0
votes

I'm working on my bachelor thesis.

My topic is reinforcement learning. The Setup:

  • Unity3D (C#)
  • Own neural network framework

Confirmed the network working by testing to training a sine-function. It can approximate it. Well. there are some values which won't get to their desired value but it's good enough. When training it with single Values it always converges.

Here is my problem:

I try to teach my network the Q-Value-Function of a simple game, catch balls: In this game it just has to catch a ball dropping from random position and with random angle. +1 if catch -1 if failed

My network-model has 1 hidden layer with neurons ranging from 45-180 (i tested this numbers with no success)

It uses replay with 32 samples from a 100k memory with a learning-rate of 0.0001 It learns for 50000 frames then tests for 10000 frames. This happens 10 times. Inputs are PlatformPosX, BallPosX, BallPosY from the last 4 frames

Pseudocode:

  • Choose action (e-greedy)

  • Do action,

  • Store state action, CurrentReward. Done in memory

  • if in learnphase: Replay

My problem is:

Its actions starts clipping to either 0 or 1 with some variance sometimes. It never has a ideal policy like if the platform would just follow the ball.

EDIT: Sorry for cheap info... My Quality-Function is trained by: Reward + Gamma(nextEstimated_Reward) So its discounting.

1

1 Answers

2
votes

Why would you possibly expect that to work?

Your training can barely approximate a 1-dimensional function. And now you expect it to solve a 12-dimensional function which involves a differential equation?

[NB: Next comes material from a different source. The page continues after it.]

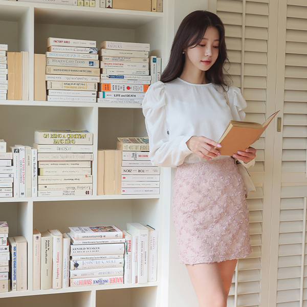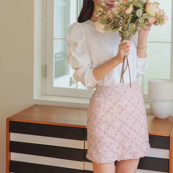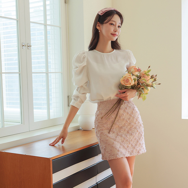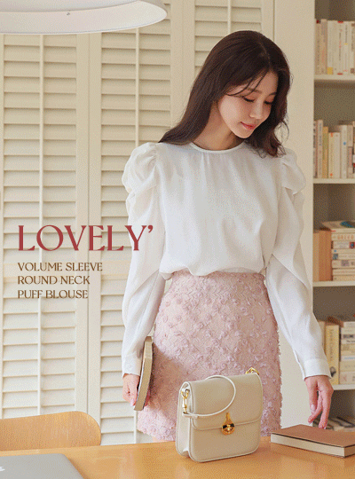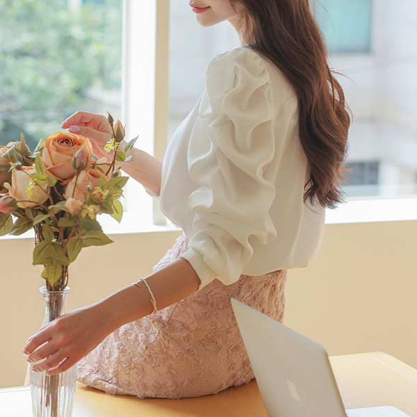 Lovely Volume Sleeves Raund neck Puff Blouse
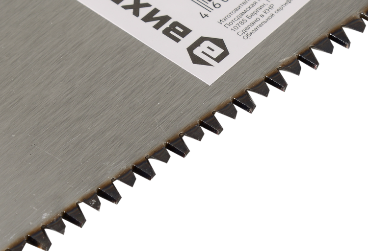 Ножовка ВИХРЬ 450 мм 3D заточка - это ручной инструмент для пиления древесины и других материалов. Длина ножовки 450 мм, шаг зуба 7-8 TPI. Ножовка изготовлена из углеродистой стали с твердостью закаленного зуба 46–52 HRС. Зубья имеют трехгранную (3D) заточку. Эта технология позволяет значительно увеличить скорость резки и уменьшить нагрузку на руки.

You should have verified first whether your training does even converge for a multi dimensional function at all, with the chosen training parameters.

Your training, given the little detail you provided, also appears to be unsuitable. There is hardly a chance it ever successfully catches the ball, and even when it does, you are rewarding it mostly for random outputs. Only correlation between in- and output is in the last few frames when the pad can only reach the target in time by a limited set of possible actions.

Then there is the choice of inputs. Don't require your model to differentiate by itself. Relevant inputs would had been x, y, dx, dy. Preferably even x, y relative to pad position, not world. Should have a much better chance to converge. Even if it was only learning to keep x minimal.

Working with absolute world coordinates is pretty much bound to fail, as it would require the training to cover the entire range of possible input combinations. And also the network to be big enough to even store all the combinations. Be aware that the network isn't learning the actual function, it's learning an approximation for every single possible set of inputs. Even if the ideal solution is actually just a linear equation, the non linear properties of the activation function make it impossible to learn it in a generalized form for unbound inputs.